* Required action *
Take the records below and set them down exactly, so that every line matches the original.

[Data extracted from a collection]
------------------------------------------------

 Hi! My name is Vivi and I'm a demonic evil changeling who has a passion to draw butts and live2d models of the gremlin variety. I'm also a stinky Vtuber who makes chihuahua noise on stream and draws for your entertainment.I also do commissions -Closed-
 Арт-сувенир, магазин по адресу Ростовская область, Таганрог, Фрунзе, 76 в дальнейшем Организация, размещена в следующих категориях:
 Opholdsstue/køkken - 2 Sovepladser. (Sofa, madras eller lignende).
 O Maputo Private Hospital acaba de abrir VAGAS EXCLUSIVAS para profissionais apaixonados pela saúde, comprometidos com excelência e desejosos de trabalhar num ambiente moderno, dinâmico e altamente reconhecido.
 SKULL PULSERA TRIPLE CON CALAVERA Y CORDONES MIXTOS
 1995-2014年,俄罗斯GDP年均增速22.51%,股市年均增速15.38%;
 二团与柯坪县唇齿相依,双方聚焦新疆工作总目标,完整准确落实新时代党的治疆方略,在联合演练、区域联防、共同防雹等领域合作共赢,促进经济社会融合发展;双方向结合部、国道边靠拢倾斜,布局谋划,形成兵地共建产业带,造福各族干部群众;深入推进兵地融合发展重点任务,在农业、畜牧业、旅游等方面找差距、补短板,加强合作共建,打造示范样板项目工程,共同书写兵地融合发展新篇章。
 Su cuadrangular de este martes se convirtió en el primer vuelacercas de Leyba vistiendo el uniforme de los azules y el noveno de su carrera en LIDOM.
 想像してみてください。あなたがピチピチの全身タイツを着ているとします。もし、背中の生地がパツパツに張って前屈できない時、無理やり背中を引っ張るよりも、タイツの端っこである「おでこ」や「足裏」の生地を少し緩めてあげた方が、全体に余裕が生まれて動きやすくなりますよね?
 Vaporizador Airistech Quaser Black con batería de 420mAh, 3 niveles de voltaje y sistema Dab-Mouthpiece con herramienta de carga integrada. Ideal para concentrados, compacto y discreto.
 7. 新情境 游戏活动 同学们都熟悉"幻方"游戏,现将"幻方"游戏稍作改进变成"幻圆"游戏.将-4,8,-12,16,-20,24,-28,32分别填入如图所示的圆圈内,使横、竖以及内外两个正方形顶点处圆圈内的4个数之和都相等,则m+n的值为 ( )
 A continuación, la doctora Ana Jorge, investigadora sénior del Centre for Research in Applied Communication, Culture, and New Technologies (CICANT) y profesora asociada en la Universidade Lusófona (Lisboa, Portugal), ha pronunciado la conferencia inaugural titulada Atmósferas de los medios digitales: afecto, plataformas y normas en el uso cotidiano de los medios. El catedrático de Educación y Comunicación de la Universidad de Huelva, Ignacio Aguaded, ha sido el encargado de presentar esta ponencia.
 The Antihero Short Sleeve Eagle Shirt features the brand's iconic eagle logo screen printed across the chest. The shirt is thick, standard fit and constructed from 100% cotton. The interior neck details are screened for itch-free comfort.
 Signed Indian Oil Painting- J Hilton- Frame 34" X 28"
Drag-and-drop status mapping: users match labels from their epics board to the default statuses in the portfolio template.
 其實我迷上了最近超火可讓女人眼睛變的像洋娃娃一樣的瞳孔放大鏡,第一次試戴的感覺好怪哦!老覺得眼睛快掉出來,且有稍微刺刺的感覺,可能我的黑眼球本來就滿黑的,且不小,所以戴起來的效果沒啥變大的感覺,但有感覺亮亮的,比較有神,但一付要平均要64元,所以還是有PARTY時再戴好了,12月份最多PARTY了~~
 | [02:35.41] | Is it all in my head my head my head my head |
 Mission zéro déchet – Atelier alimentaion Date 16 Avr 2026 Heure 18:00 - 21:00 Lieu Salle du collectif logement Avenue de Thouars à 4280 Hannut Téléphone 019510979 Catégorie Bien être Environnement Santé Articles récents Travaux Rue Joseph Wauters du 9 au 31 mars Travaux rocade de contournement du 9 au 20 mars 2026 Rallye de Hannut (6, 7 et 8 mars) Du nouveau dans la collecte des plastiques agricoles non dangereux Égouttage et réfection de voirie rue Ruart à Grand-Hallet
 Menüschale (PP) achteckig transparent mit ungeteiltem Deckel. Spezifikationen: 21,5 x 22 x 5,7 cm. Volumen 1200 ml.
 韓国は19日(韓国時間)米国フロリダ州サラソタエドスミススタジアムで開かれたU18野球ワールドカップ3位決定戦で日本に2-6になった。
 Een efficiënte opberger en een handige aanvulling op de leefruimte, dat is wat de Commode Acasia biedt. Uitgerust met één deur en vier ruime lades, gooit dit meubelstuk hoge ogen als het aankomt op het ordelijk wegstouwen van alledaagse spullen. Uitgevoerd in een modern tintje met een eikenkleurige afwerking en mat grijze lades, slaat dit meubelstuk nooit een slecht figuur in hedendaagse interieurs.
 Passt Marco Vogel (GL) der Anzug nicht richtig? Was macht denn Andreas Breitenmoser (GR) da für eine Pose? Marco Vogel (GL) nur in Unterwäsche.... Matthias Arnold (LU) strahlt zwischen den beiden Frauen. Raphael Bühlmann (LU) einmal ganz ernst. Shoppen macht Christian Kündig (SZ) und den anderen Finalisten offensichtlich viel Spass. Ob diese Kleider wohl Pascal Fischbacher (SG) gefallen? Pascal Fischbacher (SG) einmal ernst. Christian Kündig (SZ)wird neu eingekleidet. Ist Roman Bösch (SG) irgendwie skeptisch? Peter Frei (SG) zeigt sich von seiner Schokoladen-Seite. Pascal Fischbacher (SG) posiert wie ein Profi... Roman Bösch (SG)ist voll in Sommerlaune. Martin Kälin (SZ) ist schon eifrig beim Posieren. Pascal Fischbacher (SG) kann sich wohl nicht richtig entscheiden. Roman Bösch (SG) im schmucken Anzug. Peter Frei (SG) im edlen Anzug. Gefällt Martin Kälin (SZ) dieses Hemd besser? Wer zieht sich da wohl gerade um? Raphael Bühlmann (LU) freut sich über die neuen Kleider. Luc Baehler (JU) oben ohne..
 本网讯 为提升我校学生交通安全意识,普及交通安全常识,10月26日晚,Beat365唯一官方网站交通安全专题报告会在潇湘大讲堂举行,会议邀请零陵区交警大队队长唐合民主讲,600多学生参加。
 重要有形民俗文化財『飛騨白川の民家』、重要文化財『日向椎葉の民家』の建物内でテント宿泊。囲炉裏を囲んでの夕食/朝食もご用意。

------------------------------------------------

* Exercise response *
 Hi! My name is Vivi and I'm a demonic evil changeling who has a passion to draw butts and live2d models of the gremlin variety. I'm also a stinky Vtuber who makes chihuahua noise on stream and draws for your entertainment.I also do commissions -Closed-
 Арт-сувенир, магазин по адресу Ростовская область, Таганрог, Фрунзе, 76 в дальнейшем Организация, размещена в следующих категориях:
 Opholdsstue/køkken - 2 Sovepladser. (Sofa, madras eller lignende).
 O Maputo Private Hospital acaba de abrir VAGAS EXCLUSIVAS para profissionais apaixonados pela saúde, comprometidos com excelência e desejosos de trabalhar num ambiente moderno, dinâmico e altamente reconhecido.
 SKULL PULSERA TRIPLE CON CALAVERA Y CORDONES MIXTOS
 1995-2014年,俄罗斯GDP年均增速22.51%,股市年均增速15.38%;
 二团与柯坪县唇齿相依,双方聚焦新疆工作总目标,完整准确落实新时代党的治疆方略,在联合演练、区域联防、共同防雹等领域合作共赢,促进经济社会融合发展;双方向结合部、国道边靠拢倾斜,布局谋划,形成兵地共建产业带,造福各族干部群众;深入推进兵地融合发展重点任务,在农业、畜牧业、旅游等方面找差距、补短板,加强合作共建,打造示范样板项目工程,共同书写兵地融合发展新篇章。
 Su cuadrangular de este martes se convirtió en el primer vuelacercas de Leyba vistiendo el uniforme de los azules y el noveno de su carrera en LIDOM.
 想像してみてください。あなたがピチピチの全身タイツを着ているとします。もし、背中の生地がパツパツに張って前屈できない時、無理やり背中を引っ張るよりも、タイツの端っこである「おでこ」や「足裏」の生地を少し緩めてあげた方が、全体に余裕が生まれて動きやすくなりますよね?
 Vaporizador Airistech Quaser Black con batería de 420mAh, 3 niveles de voltaje y sistema Dab-Mouthpiece con herramienta de carga integrada. Ideal para concentrados, compacto y discreto.
 7. 新情境 游戏活动 同学们都熟悉"幻方"游戏,现将"幻方"游戏稍作改进变成"幻圆"游戏.将-4,8,-12,16,-20,24,-28,32分别填入如图所示的圆圈内,使横、竖以及内外两个正方形顶点处圆圈内的4个数之和都相等,则m+n的值为 ( )
 A continuación, la doctora Ana Jorge, investigadora sénior del Centre for Research in Applied Communication, Culture, and New Technologies (CICANT) y profesora asociada en la Universidade Lusófona (Lisboa, Portugal), ha pronunciado la conferencia inaugural titulada Atmósferas de los medios digitales: afecto, plataformas y normas en el uso cotidiano de los medios. El catedrático de Educación y Comunicación de la Universidad de Huelva, Ignacio Aguaded, ha sido el encargado de presentar esta ponencia.
 The Antihero Short Sleeve Eagle Shirt features the brand's iconic eagle logo screen printed across the chest. The shirt is thick, standard fit and constructed from 100% cotton. The interior neck details are screened for itch-free comfort.
 Signed Indian Oil Painting- J Hilton- Frame 34" X 28"
Drag-and-drop status mapping: users match labels from their epics board to the default statuses in the portfolio template.
 其實我迷上了最近超火可讓女人眼睛變的像洋娃娃一樣的瞳孔放大鏡,第一次試戴的感覺好怪哦!老覺得眼睛快掉出來,且有稍微刺刺的感覺,可能我的黑眼球本來就滿黑的,且不小,所以戴起來的效果沒啥變大的感覺,但有感覺亮亮的,比較有神,但一付要平均要64元,所以還是有PARTY時再戴好了,12月份最多PARTY了~~
 | [02:35.41] | Is it all in my head my head my head my head |
 Mission zéro déchet – Atelier alimentaion Date 16 Avr 2026 Heure 18:00 - 21:00 Lieu Salle du collectif logement Avenue de Thouars à 4280 Hannut Téléphone 019510979 Catégorie Bien être Environnement Santé Articles récents Travaux Rue Joseph Wauters du 9 au 31 mars Travaux rocade de contournement du 9 au 20 mars 2026 Rallye de Hannut (6, 7 et 8 mars) Du nouveau dans la collecte des plastiques agricoles non dangereux Égouttage et réfection de voirie rue Ruart à Grand-Hallet
 Menüschale (PP) achteckig transparent mit ungeteiltem Deckel. Spezifikationen: 21,5 x 22 x 5,7 cm. Volumen 1200 ml.
 韓国は19日(韓国時間)米国フロリダ州サラソタエドスミススタジアムで開かれたU18野球ワールドカップ3位決定戦で日本に2-6になった。
 Een efficiënte opberger en een handige aanvulling op de leefruimte, dat is wat de Commode Acasia biedt. Uitgerust met één deur en vier ruime lades, gooit dit meubelstuk hoge ogen als het aankomt op het ordelijk wegstouwen van alledaagse spullen. Uitgevoerd in een modern tintje met een eikenkleurige afwerking en mat grijze lades, slaat dit meubelstuk nooit een slecht figuur in hedendaagse interieurs.
 Passt Marco Vogel (GL) der Anzug nicht richtig? Was macht denn Andreas Breitenmoser (GR) da für eine Pose? Marco Vogel (GL) nur in Unterwäsche.... Matthias Arnold (LU) strahlt zwischen den beiden Frauen. Raphael Bühlmann (LU) einmal ganz ernst. Shoppen macht Christian Kündig (SZ) und den anderen Finalisten offensichtlich viel Spass. Ob diese Kleider wohl Pascal Fischbacher (SG) gefallen? Pascal Fischbacher (SG) einmal ernst. Christian Kündig (SZ)wird neu eingekleidet. Ist Roman Bösch (SG) irgendwie skeptisch? Peter Frei (SG) zeigt sich von seiner Schokoladen-Seite. Pascal Fischbacher (SG) posiert wie ein Profi... Roman Bösch (SG)ist voll in Sommerlaune. Martin Kälin (SZ) ist schon eifrig beim Posieren. Pascal Fischbacher (SG) kann sich wohl nicht richtig entscheiden. Roman Bösch (SG) im schmucken Anzug. Peter Frei (SG) im edlen Anzug. Gefällt Martin Kälin (SZ) dieses Hemd besser? Wer zieht sich da wohl gerade um? Raphael Bühlmann (LU) freut sich über die neuen Kleider. Luc Baehler (JU) oben ohne..
 本网讯 为提升我校学生交通安全意识,普及交通安全常识,10月26日晚,Beat365唯一官方网站交通安全专题报告会在潇湘大讲堂举行,会议邀请零陵区交警大队队长唐合民主讲,600多学生参加。
 重要有形民俗文化財『飛騨白川の民家』、重要文化財『日向椎葉の民家』の建物内でテント宿泊。囲炉裏を囲んでの夕食/朝食もご用意。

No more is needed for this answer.